## Work order
The pictures in the listing below are to be skipped, while the lines between the line holding "En plus de l'offre" and the line holding "This Ribbed Velour", inclusive, are to be output exactly.
** Provided data follows **
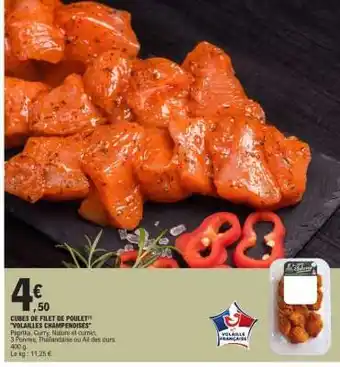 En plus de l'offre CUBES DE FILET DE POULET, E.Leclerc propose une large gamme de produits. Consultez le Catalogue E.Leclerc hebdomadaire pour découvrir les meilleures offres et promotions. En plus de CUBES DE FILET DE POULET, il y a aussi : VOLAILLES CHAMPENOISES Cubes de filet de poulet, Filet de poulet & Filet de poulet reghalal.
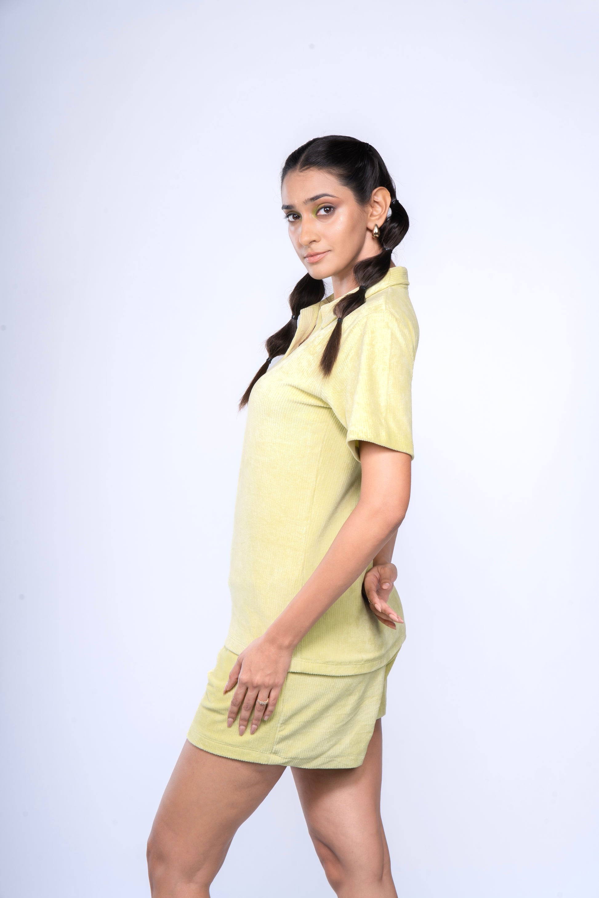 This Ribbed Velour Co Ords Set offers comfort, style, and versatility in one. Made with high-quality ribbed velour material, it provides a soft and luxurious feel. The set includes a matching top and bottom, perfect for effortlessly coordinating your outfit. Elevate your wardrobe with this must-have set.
** End of Provided data **
** Provided data follows **
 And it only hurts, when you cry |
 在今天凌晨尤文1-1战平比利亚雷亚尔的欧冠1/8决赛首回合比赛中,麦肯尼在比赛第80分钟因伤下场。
** End of Provided data **
## Response below
 En plus de l'offre CUBES DE FILET DE POULET, E.Leclerc propose une large gamme de produits. Consultez le Catalogue E.Leclerc hebdomadaire pour découvrir les meilleures offres et promotions. En plus de CUBES DE FILET DE POULET, il y a aussi : VOLAILLES CHAMPENOISES Cubes de filet de poulet, Filet de poulet & Filet de poulet reghalal.
 This Ribbed Velour Co Ords Set offers comfort, style, and versatility in one. Made with high-quality ribbed velour material, it provides a soft and luxurious feel. The set includes a matching top and bottom, perfect for effortlessly coordinating your outfit. Elevate your wardrobe with this must-have set.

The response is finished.